My intent , aliasing the whole input expression, was to provide meat to a pre condition checking (yes like in design by contract). Pre-condition checking are a bless specifically when they stop you before your blindness fires a stack overflow :).
 Back to the make-sum function variable arity, one can see that I delegate all the work to the version accepting sequences as parameters. I could have not used destructuring into the second signature. I found it an idiomatic way to express that the function was specifically expecting a sequence.

As the tests showed earlier, I had to take into account various scenarii like the identity element for the sum, that can lead to a single element expression, the fact that all the list operands are pure numbers etc...

Filtering identity elements induces a recursion step after the filter step. We should memoize some ...state (?) in order to not indefinitely filter zeros from the input expression.But state is bad, we all know it. Decorating the filtered list with a meta information can be a smooth way to proceed. Once the immutable filtered sequence created, we do not alter its content or use a third method signature. We attach to the data a meta information:

 (with-meta
   (filter (fn [x] (not= 0 x)) expression)
   {:simplified true})

informing the function that no more recursion is necessary:

(:simplified (meta expression)) (cons '+ expression)

and the construction of the sum expression can be achieved.
The set of operations is similar when it comes to the product expression constructors and selectors.

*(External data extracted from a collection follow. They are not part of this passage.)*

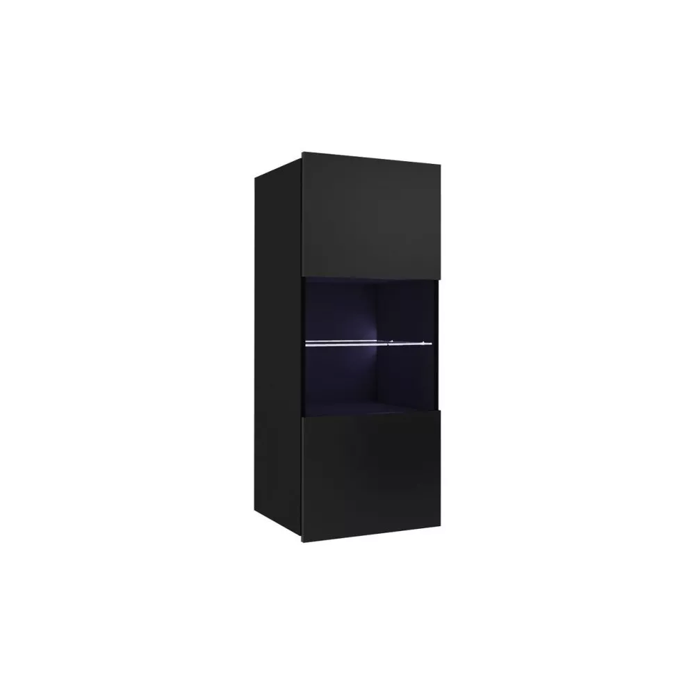 Prosklená závěsná vitrína CHEMUNG - černá / lesklá černá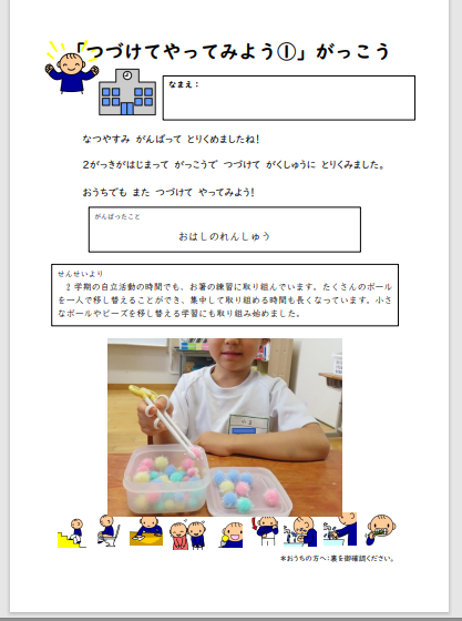 夏休み後の学校で、おはしを使う学習に取り組んでいる様子の紹介ですにっこり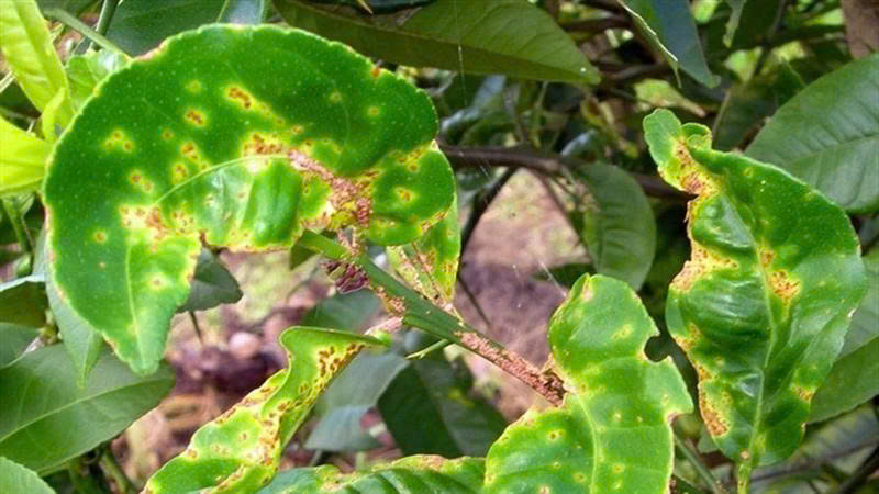Trên lá non, bà con có thể thấy các chấm nhỏ như mụn nước, sau đó thành vết sần. Với nhóm loét vi khuẩn, vết thường nổi gồ và có thể có quầng vàng; còn ghẻ do nấm hay làm bề mặt lá thô nhám và lá bị méo nhẹ. Lá bệnh nhiều sẽ giảm quang hợp và tạo nguồn lây sang trái/cành non.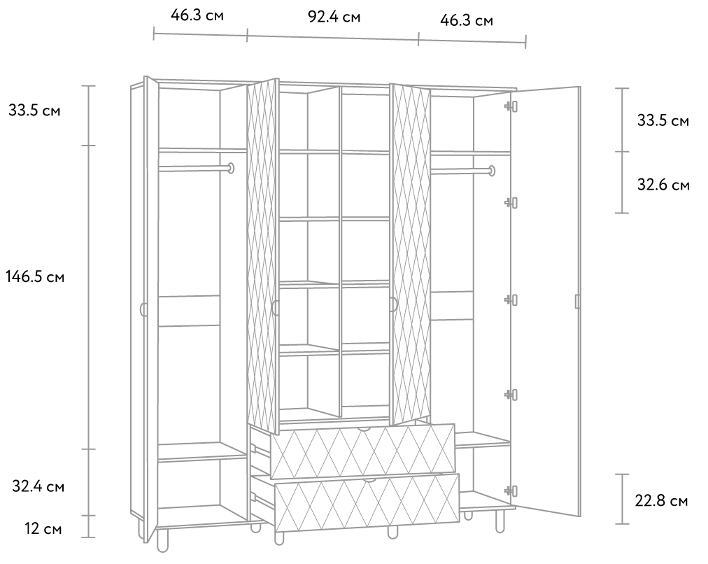 На дополнительных схемах указаны размеры полезного пространства системы хранения.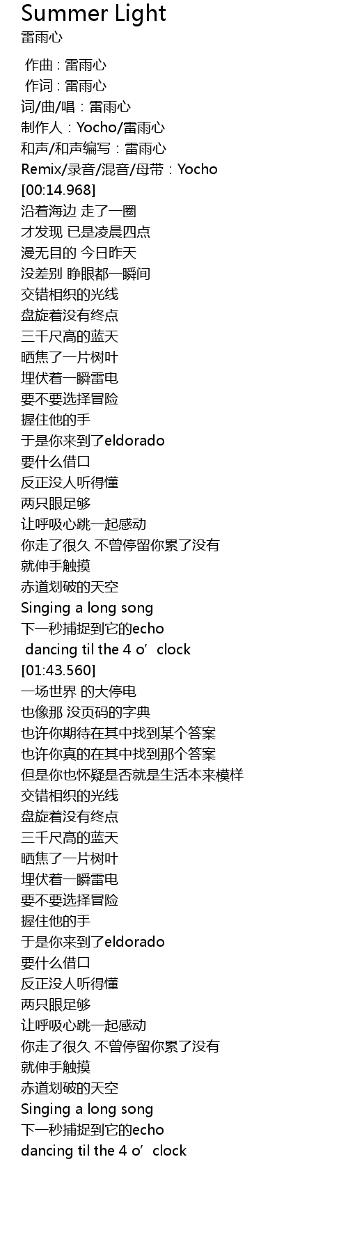 | [00:00.000] | 作曲 : 雷雨心 |
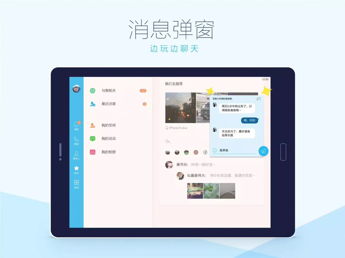 Fitur Sosial: QQ HD bukan hanya untuk pesan; ia juga mengintegrasikan elemen-elemen media sosial. Bagikan pengalaman, pembaruan, dan foto melalui ruang QQ pribadi Anda dan terhubung dengan masyarakat yang lebih luas.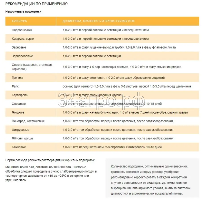 осенью (для озимого) 1,0-3,0 л/га в фазу 5-6 листьев, весной 1,0-3,0 л/га перед цветением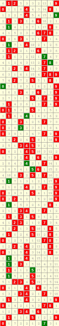 隔10期尾0走势=>常规走势 | 奇偶走势 | 大小走势 | 质合走势 | 和(合)值走势 | 012路走势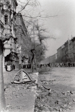 Roncsok az Üllői út 59-61. előtt, a Futó utcától a Páva utca torkolata felé nézve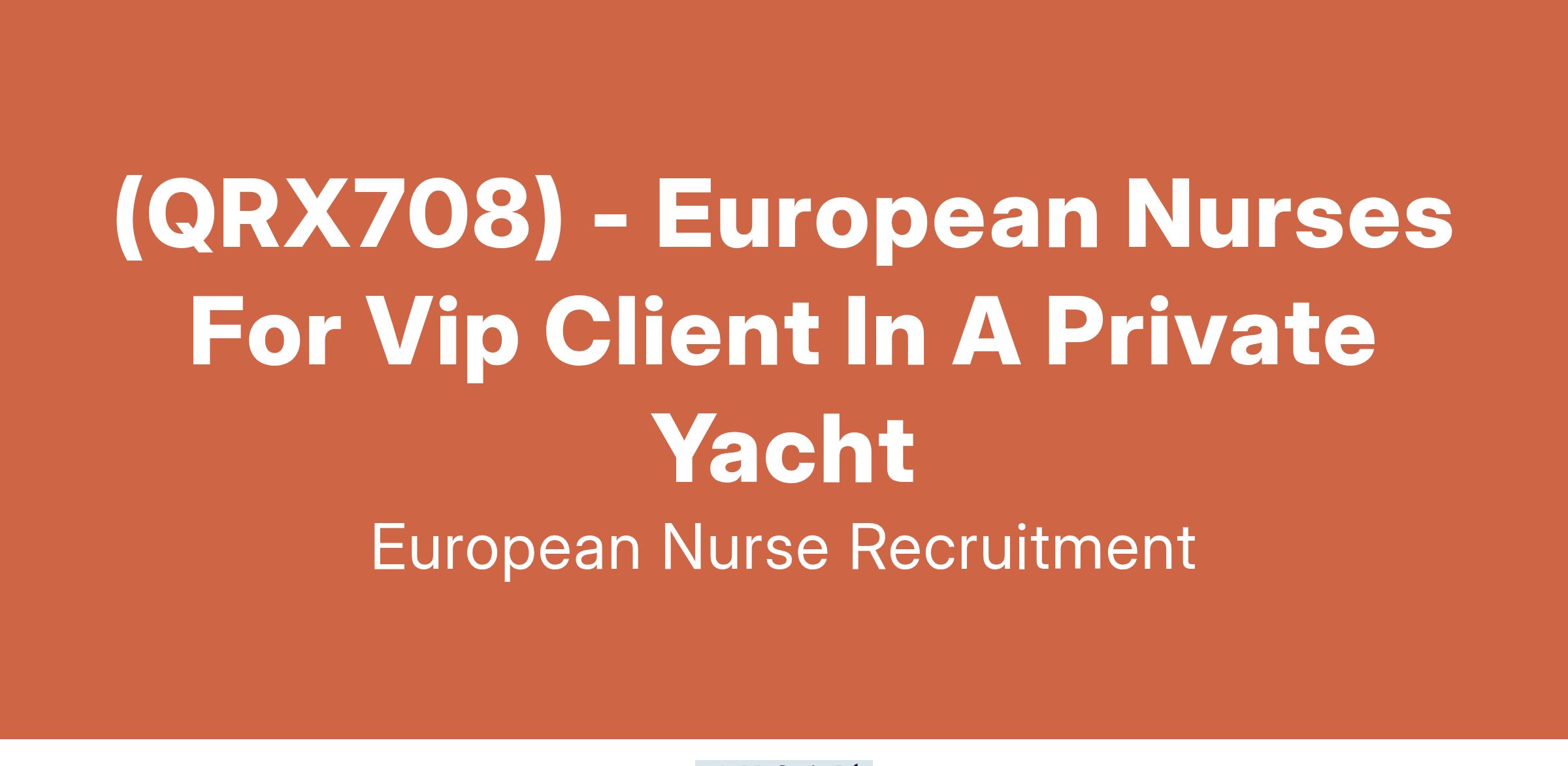 We are seeking European Nurses to provide premium healthcare for a VIP client traveling internationally aboard a luxury private yacht. This exclusive role offers a unique chance to combine your professional expertise with the excitement of exploring stunning destinations, always following the warmth and sunshine of the season. You could be traveling to breathtaking locations such as:

 The whole code is given by:

(defn variable? [expression]
  (symbol? expression))

(defn sum? [expression]
  (= '+ (first expression)))

(defn product? [expression]
  (= '* (first expression)))

(defn exponentiation? [expression]
  (= '** (first expression)))


(defn same-variable? [expression variable]
  (and (variable? expression) (= expression variable)))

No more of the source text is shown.